- X
Numeric matrix. Vectors will be coerced to matrix with as.matrix
(if this is possible)
- Y
Numeric matrix. Vectors will be coerced to matrix with as.matrix
(if this is possible)
- a
Vector of positive integers. Denotes the numbers of joint components to consider.
- ax
Vector of non-negative integers. Denotes the numbers of X-specific components to consider.
- ay
Vector of non-negative integers. Denotes the numbers of Y-specific components to consider.
- nr_folds
Positive integer. Number of folds to consider. Note: kcv=N
gives leave-one-out CV. Note that CV with less than two folds does not make sense.
- nr_cores
Positive integer.

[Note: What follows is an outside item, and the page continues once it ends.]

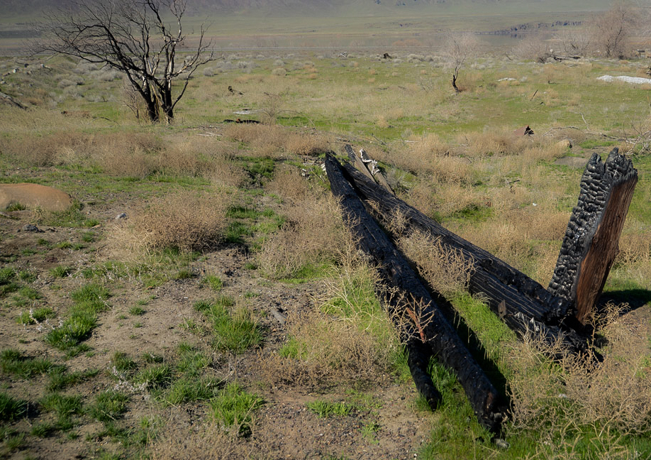 You captured the dreary all right. I wonder what it would have looked like if you had shot low from between the burnt timbers, I made an image that isn't so dreary, but not what you were after. |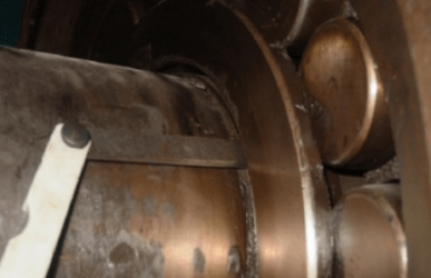 圖1、2表示減速機機殼軸承室與軸承外圈之間徑向間隙調整不當,造成的磨損。軸承與軸承室的配合。軸承外圈與軸承蓋之間為間隙配合,過緊會由于軸承轉動時發(fā)生熱膨脹造成軸承徑向間隙過小,太松則使轉動精度降低,轉動易跳動。故一般軸承外圈與軸承蓋之間有0.05-0. 10mm的徑向間隙,同時為保證轉軸受熱后的自由膨脹伸長,在軸承的推力與承力側,軸承與軸承室端蓋之間應留有足夠膨脹間隙。間隙與值與軸長有關。

Number of cores to use for CV. You might want to use detectCores()
. Defaults to 1.
- stripped
Logical. Use the stripped version of o2m (usually when cross-validating)?
- p_thresh
Integer. If X
has more than p_thresh
columns, a power method optimization is used, see o2m2
- seed
Integer. A random seed to make the analysis reproducible.
- q_thresh
Integer. If Y
has more than q_thresh
columns, a power method optimization is used, see o2m2
- tol
Double. Threshold for which the NIPALS method is deemed converged. Must be positive.
- max_iterations
Integer. Maximum number of iterations for the NIPALS method.